> _Problem description_
Exactly reproduce the lines from the one holding "Discharge hydrograph for" through the end of the records, including both boundary lines but no pictures.

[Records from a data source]
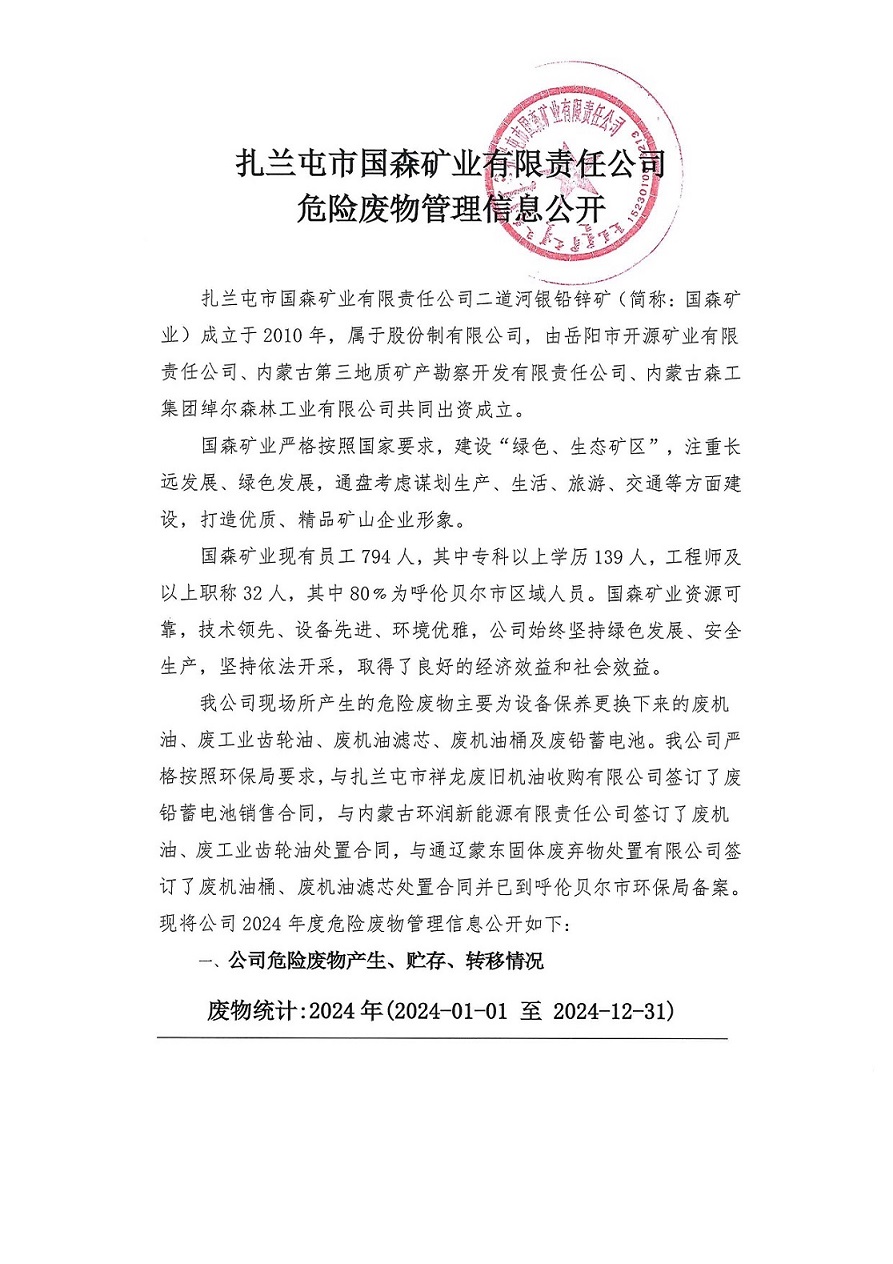 扎蘭屯市國森礦業(yè)有限責(zé)任公司危險廢物管理信息公開
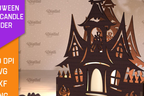Intra απο ξύλο plywood Χρώμα wenge 3mm-4mm πάχος – Κηροπήγιο Halloween House Δίασταση 15×15 cm INTRAFABR-71842814
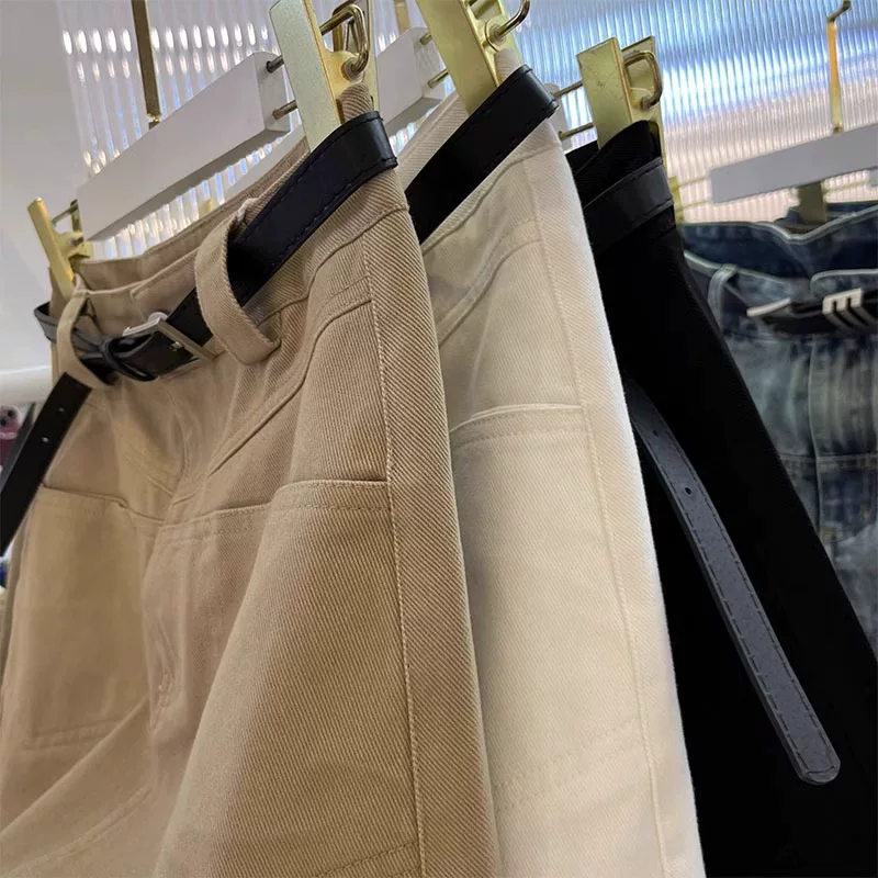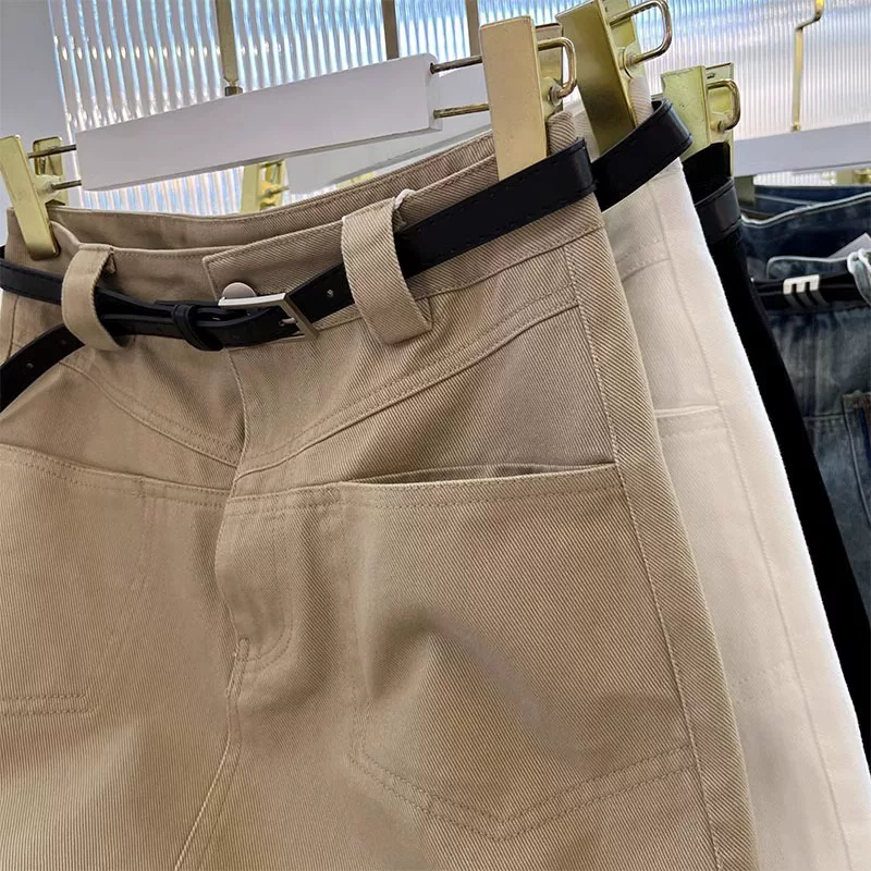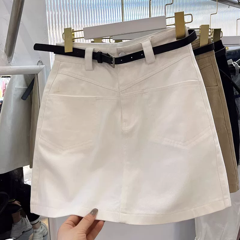 - Váy công sở màu kaki dành cho nữ, cỡ lớn mùa hè, váy nửa thân denim, lưng cao, che hông, váy bút chì chữ A thon gọn, váy ngắn.
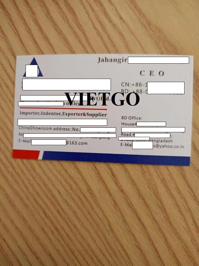 Qua cuộc trò chuyện cũng như trao đổi kỹ lưỡng về đơn hàng, Vietgo nhận thấy ông Jahangir là một vị khách hàng tiềm năng và là cơ hội để hợp tác lâu dài với các Nhà cung cấp châu Á. Vậy nên, Quý nhà cung cấp nào có thể đáp ứng được yêu cầu của vị khách hàng thân thiện này, vui lòng liên hệ và gửi báo giá cho ông qua trong thời gian sớm nhất có thể qua địa chỉ email dưới đây.
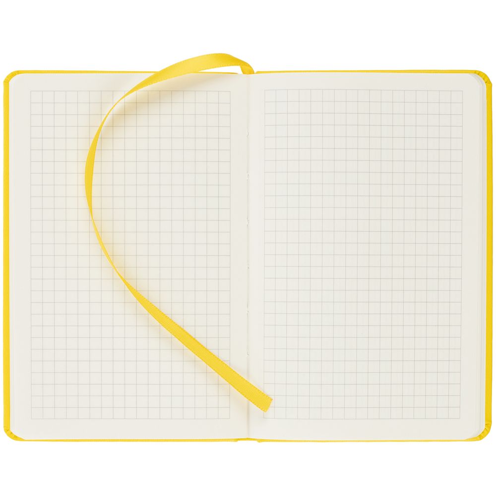 Твердая обложки из материала Latte, желтый, ляссе в цвет обложки.
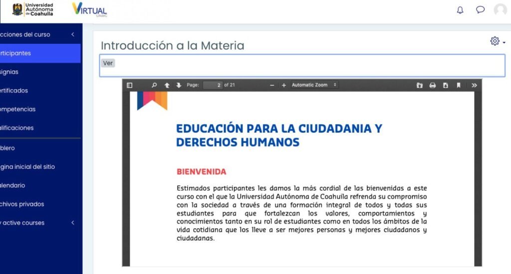 Saltillo, Coahuila.- Desde el pasado 1 de septiembre de 2022 alumnos de la Universidad Autónoma de Coahuila cursan la materia en línea “Educación para la ciudadanía y Derechos Humanos”, la cual implementó la Defensoría de los Derechos Humanos Universitarios y la Coordinación de Educación a Distancia y que se está imparte en las tres unidades Saltillo, Torreón y Norte en 45 escuelas y facultades.
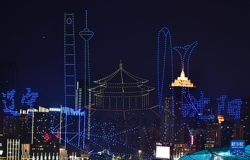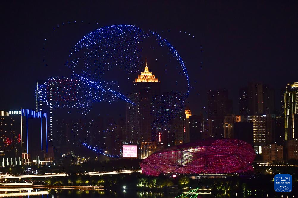 8月17日晚,在沈陽渾河上空區域,2500多架無人機進行矩陣表演,通過矩陣飛行把科技與藝術完美結合,為市民呈現一場閃耀夜空的璀璨光影秀,以動態的立體畫面展示出沈陽在振興發展中的新變化。pagebreak
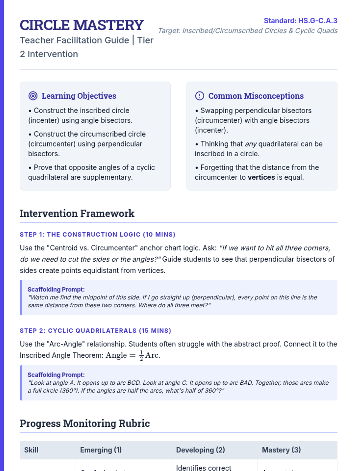 A Tier 2 intervention lesson focusing on geometric constructions (inscribed/circumscribed circles) and proving angle properties of cyclic quadrilaterals using scaffolded support.
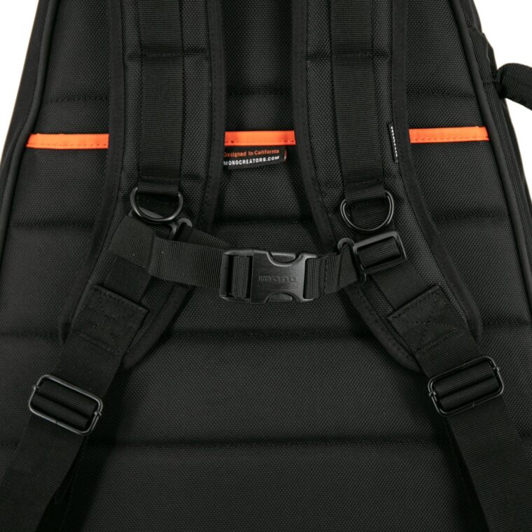 MONO 独自の Headlock® ネック・サスペンション・システムにより、移動中もベースをしっかり固定し、衝撃から保護します。ケース内部には AirTag に対応した隠しポーチを備え、移動時の安心感を高めています。外装には耐久性と耐水性に優れた1680Dバリスティックナイロンを採用し、止水ジッパーと反射材のアクセントを装備。あらゆる環境下で楽器を安全に守る設計です。
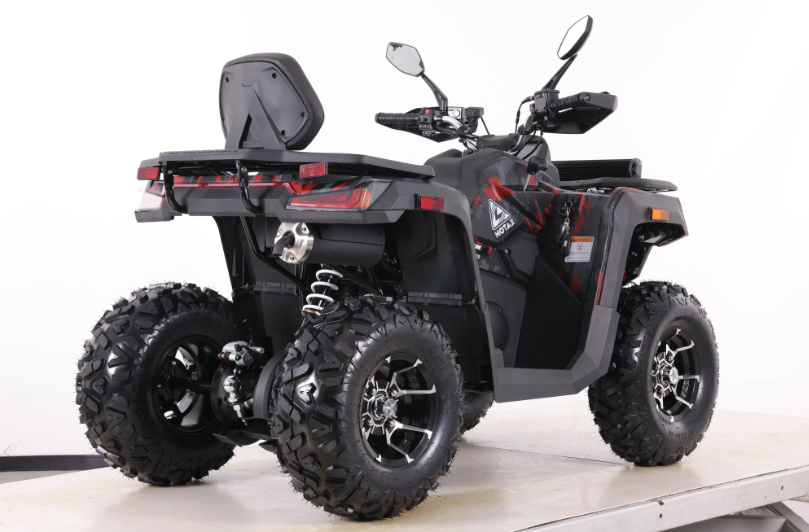 Передняя маятниковая (рычажная) подвеска обеспечивает отличную амортизацию, что особенно важно на неровных и сложных маршрутах. С дорожным просветом в 150 мм и высотой по сидению 800 мм, квадроцикл подходит для пользователей ростом от 150 см, что делает его доступным для широкой аудитории.
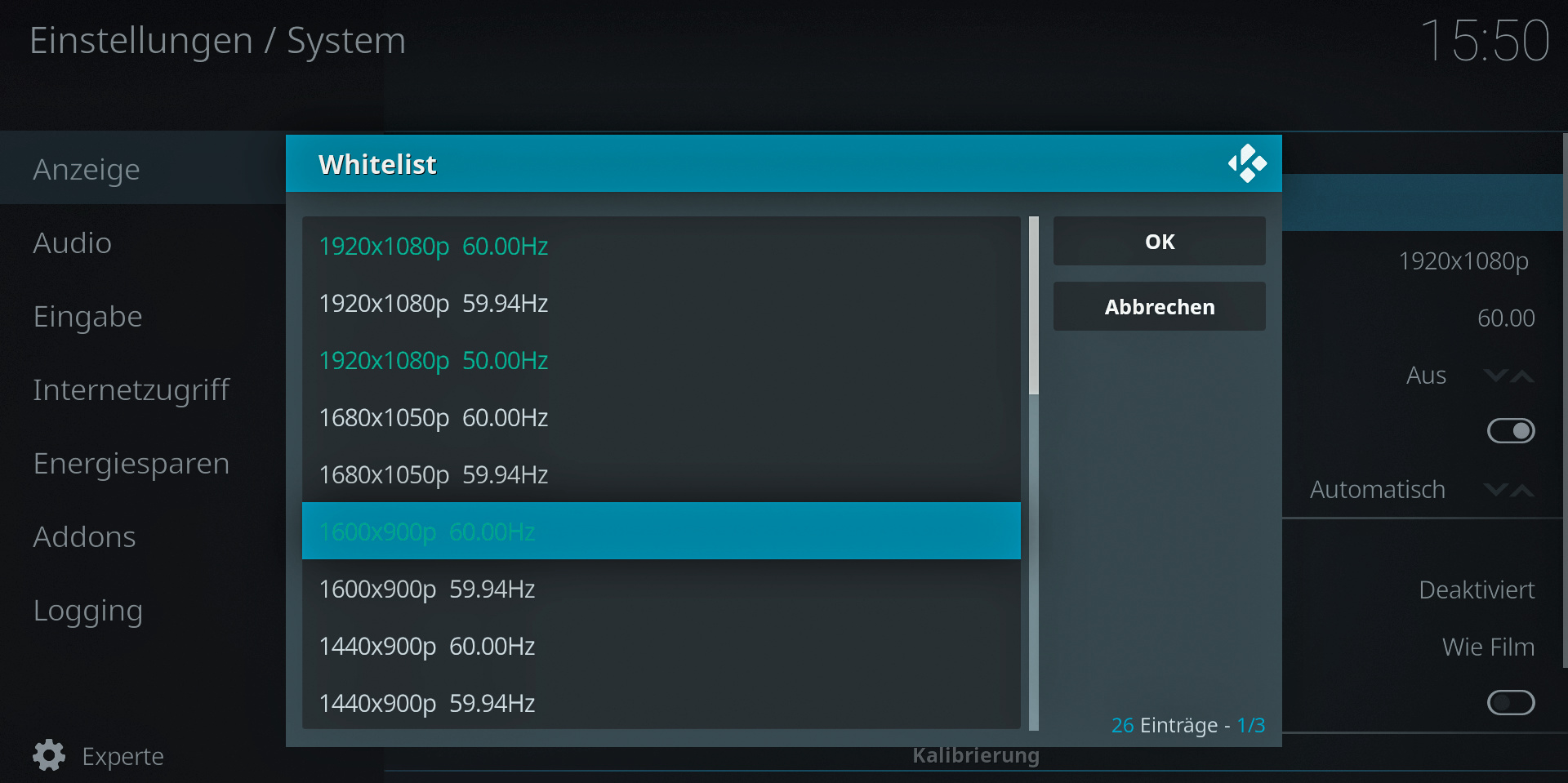 Kodi: Bildwiederholfrequenz-Automatik kaputt?
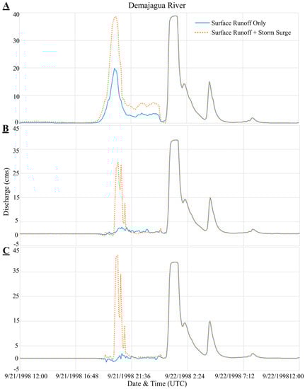Discharge hydrograph for the different flooding scenario and at different locations for the Demajagua River watershed. (A) At 0-m from the stream outlet; (B) At 50-m from the stream outlet; (C) At 100-m from the stream outlet. The “Surface Runoff + Storm Surge” flooding scenario is represented with orange dots line and the “Surface Runoff Only” flooding scenario is represented with a solid blue line. The discharge is expressed in cubic meters per second (cms).
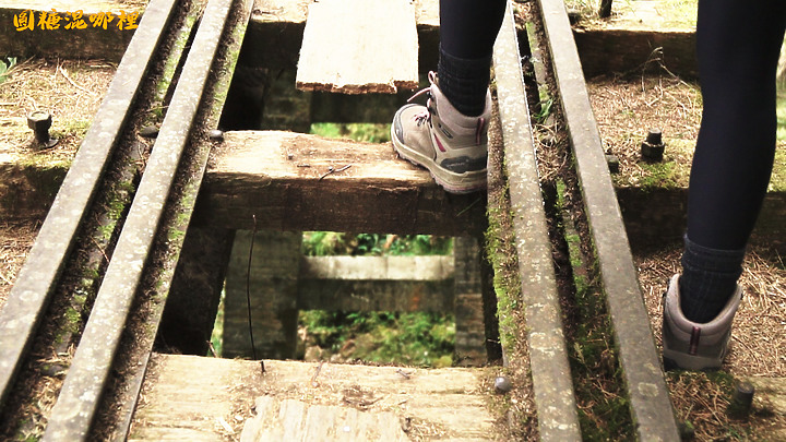 小心走過高架鐵軌橋,使用登山杖來增加穩定性。

> _Your response_
Discharge hydrograph for the different flooding scenario and at different locations for the Demajagua River watershed. (A) At 0-m from the stream outlet; (B) At 50-m from the stream outlet; (C) At 100-m from the stream outlet. The “Surface Runoff + Storm Surge” flooding scenario is represented with orange dots line and the “Surface Runoff Only” flooding scenario is represented with a solid blue line. The discharge is expressed in cubic meters per second (cms).
 小心走過高架鐵軌橋,使用登山杖來增加穩定性。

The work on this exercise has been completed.